4. Aux termes de l'article L. 531-1 du code général de la fonction publique : " Le fonctionnaire, auteur d'une faute grave, qu'il s'agisse d'un manquement à ses obligations professionnelles ou d'une infraction de droit commun, peut être suspendu par l'autorité ayant pouvoir disciplinaire qui saisit, sans délai, le conseil de discipline. Le fonctionnaire suspendu conserve son traitement, l'indemnité de résidence, le supplément familial de traitement. Sa situation doit être définitivement réglée dans le délai de quatre mois. "

5. Il ressort des pièces du dossier que la mesure de suspension prononcée par le maire de Chevannes, le 6 décembre 2022, à l'encontre de Mme A constitue une mesure conservatoire, prise dans l'intérêt du service, dans l'attente de la décision du conseil de discipline, dont le maire a annoncé la saisine. Si Mme A fait état des charges financières dont elle doit continuer à s'acquitter pour sa vie quotidienne, il est constant qu'en application de l'article 2 de l'arrêté attaqué, elle conserve pendant toute la durée de la suspension de ses fonctions le bénéfice de l'intégralité de son traitement ainsi que son indemnité de résidence et le supplément familial de traitement. Au surplus, la mesure de suspension litigieuse, dont la durée ne peut excéder en principe quatre mois en application de l'article L. 531-1 du code général de la fonction publique, doit cesser de produire ses effets, le 6 avril prochain. Cette mesure ne peut donc être regardée comme portant une atteinte suffisamment grave et immédiate à la situation de Mme A de nature à caractériser une situation d'urgence au sens des dispositions précitées de l'article L. 521-1 du code de justice administrative.

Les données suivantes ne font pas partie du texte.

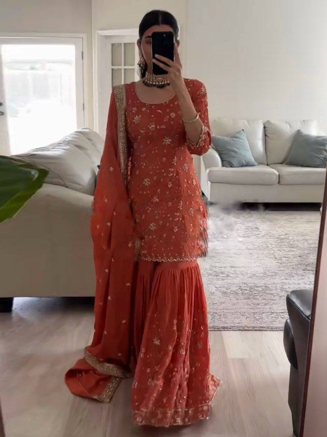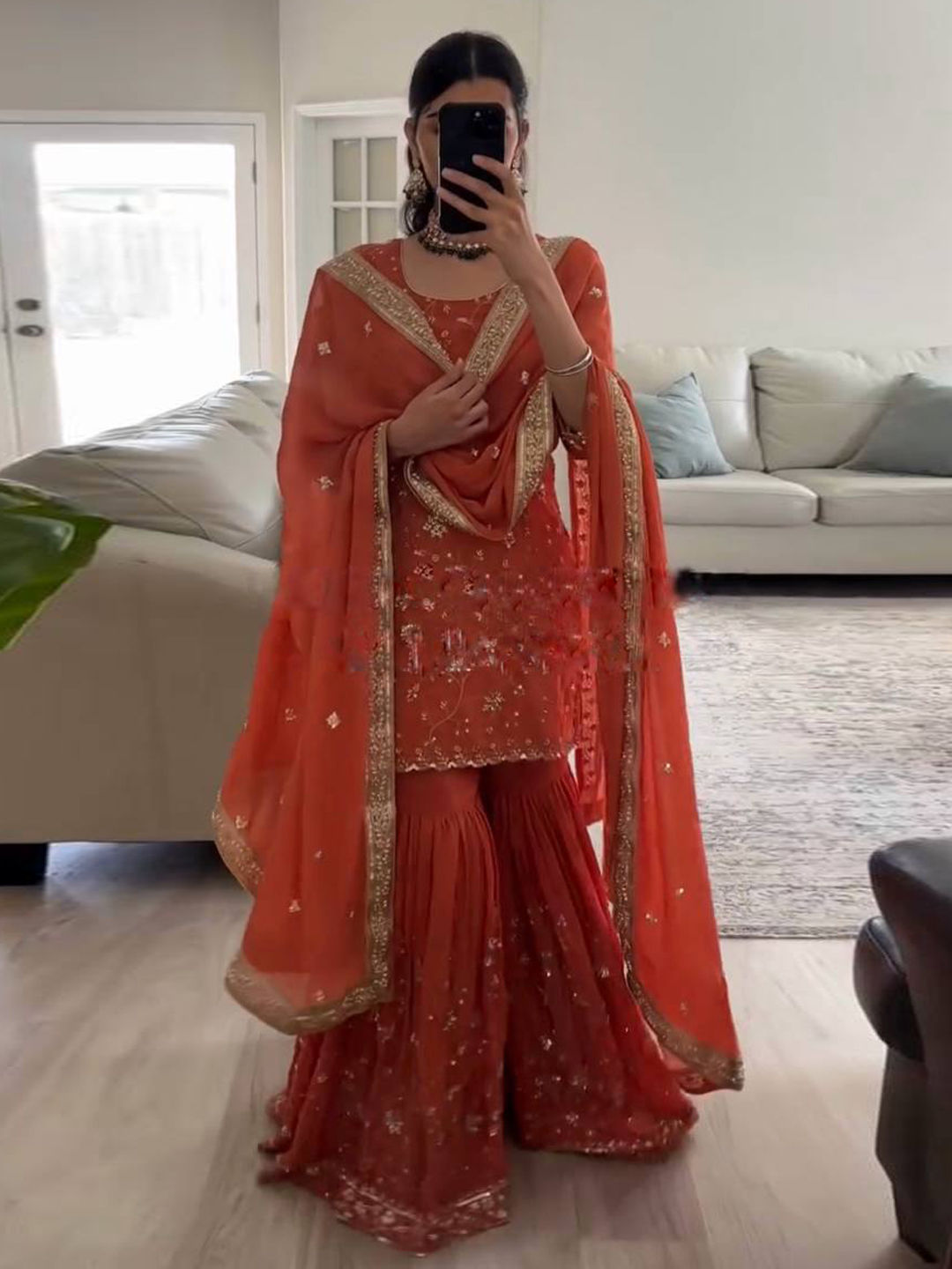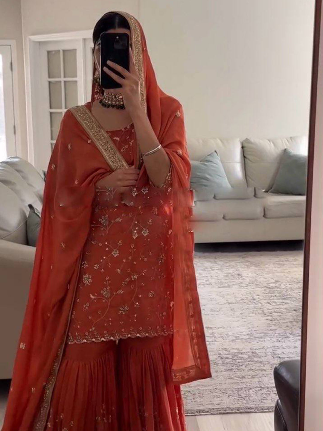 Faux Georgette Reception Salwar Kameez in Red and Maroon with Thread work

6. Il résulte de ce qui précède, sans qu'il soit besoin de se prononcer sur les moyens susceptibles de créer un doute sérieux sur la légalité de l'arrêté litigieux, que la demande de Mme A tendant à la suspension de l'exécution de cet arrêté doit être rejetée, ainsi que, par voie de conséquence, ses conclusions tendant à l'application de l'article L. 761-1 du code de justice administrative.

O R D O N N E :

Article 1er : La requête de Mme A doit être rejetée.

Article 2 : La présente ordonnance sera notifiée à Mme B A.

Fait à Versailles, le 3 avril 2023.

Le juge des référés,

signé

Ph. Blanc

La République mande et ordonne au préfet de l'Essonne en ce qui le concerne et à tous commissaires de justice à ce requis en ce qui concerne les voies de droit commun, contre les parties privées, de pourvoir à l'exécution de la présente décision.